### [WHAT THE TASK ASKS]
Return the full listing character for character, without its pictures.

### [INFORMATION SUPPLIED]
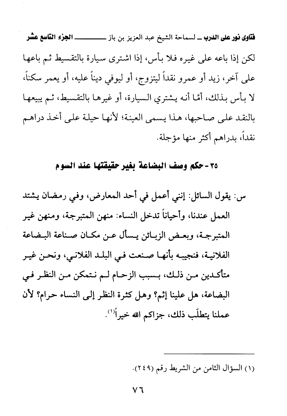 لكن إذا باعه على غيره فلا بأس، إذا اشترى سيارة بالتقسيط ثم باعها على آخر، زيد أو عمرو نقدًا ليتزوج، أو ليوفي دينًا عليه، أو يعمر سكنًا، لا بأس بذلك، أمَّا أنه يشتري السيارة، أو غيرها بالتقسيط، ثم يبيعها بالنقد على صاحبها، هذا يسمى العينة؛ لأنها حيلة على أخذ دراهم نقدًا، بدراهم أكثر منها مؤجلة.
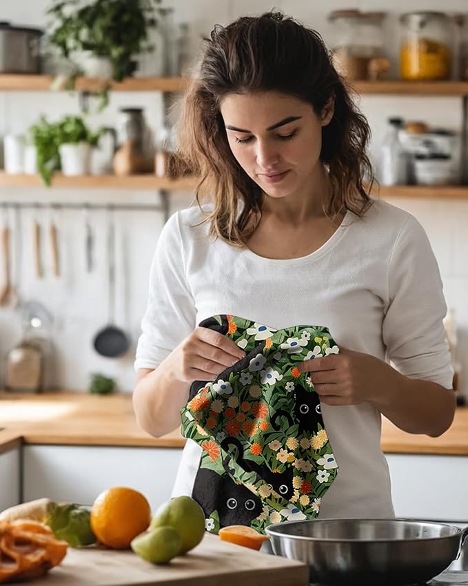 Microfiber Kitchen Towels - Set of 2 Dish Towels for Kitchen 18 x 26 Inch Home Decoration Cat Flower Cute Spring Hand Towels Soft & Absorbent Aesthetic Design
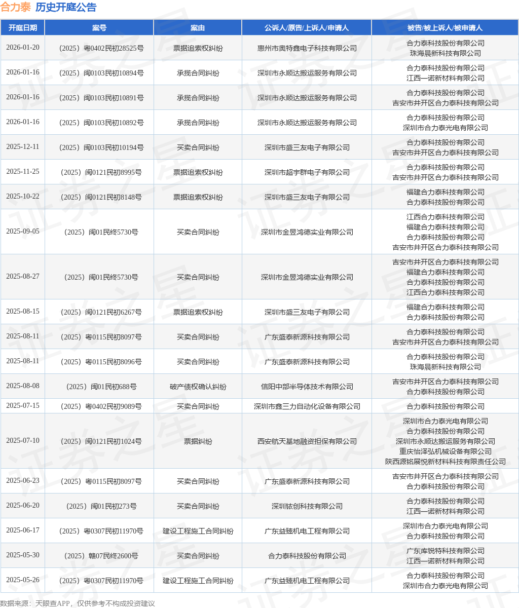案号:(2025)闽0103民初10194号根据统计,近一年内以合力泰科技股份有限公司为当事人的历史开庭公告有48则,其中案由为“买卖合同纠纷”的公告以20则居首,其次为“票据纠纷”有10则,“票据追索权纠纷”有8则。历史开庭公告(前20条)如下:
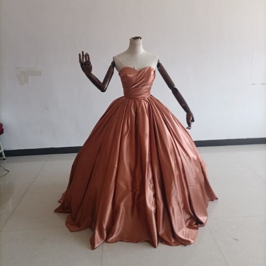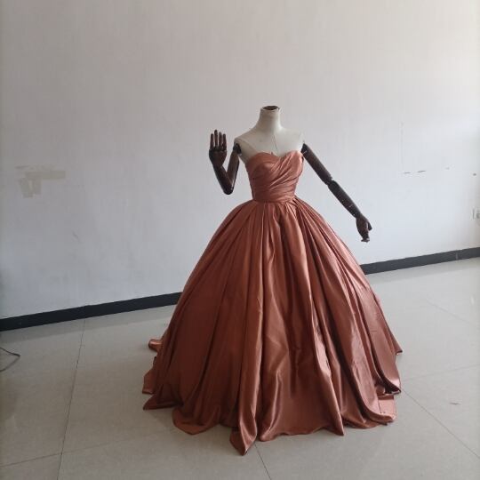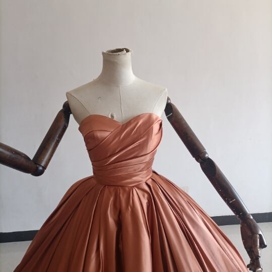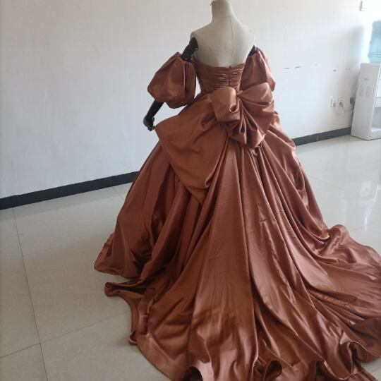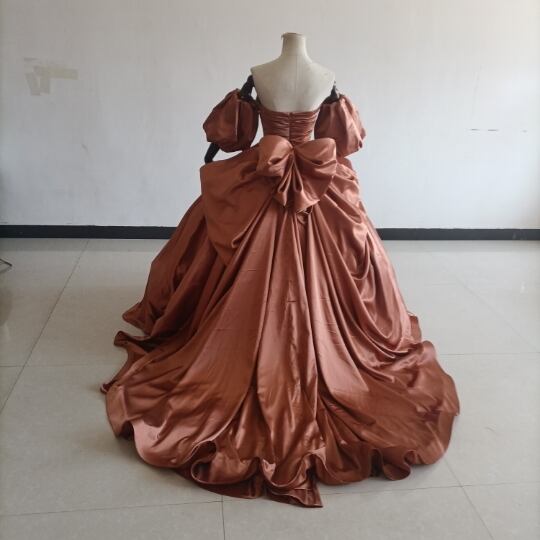 送料無料!人気上昇!パーティードレス テラコッタ色 テラコッタ ベアトップ 華やかなトレーン/結婚式/披露宴

### [SOLUTION TO THIS TASK]
 لكن إذا باعه على غيره فلا بأس، إذا اشترى سيارة بالتقسيط ثم باعها على آخر، زيد أو عمرو نقدًا ليتزوج، أو ليوفي دينًا عليه، أو يعمر سكنًا، لا بأس بذلك، أمَّا أنه يشتري السيارة، أو غيرها بالتقسيط، ثم يبيعها بالنقد على صاحبها، هذا يسمى العينة؛ لأنها حيلة على أخذ دراهم نقدًا، بدراهم أكثر منها مؤجلة.
 Microfiber Kitchen Towels - Set of 2 Dish Towels for Kitchen 18 x 26 Inch Home Decoration Cat Flower Cute Spring Hand Towels Soft & Absorbent Aesthetic Design
案号:(2025)闽0103民初10194号根据统计,近一年内以合力泰科技股份有限公司为当事人的历史开庭公告有48则,其中案由为“买卖合同纠纷”的公告以20则居首,其次为“票据纠纷”有10则,“票据追索权纠纷”有8则。历史开庭公告(前20条)如下:
 送料無料!人気上昇!パーティードレス テラコッタ色 テラコッタ ベアトップ 華やかなトレーン/結婚式/披露宴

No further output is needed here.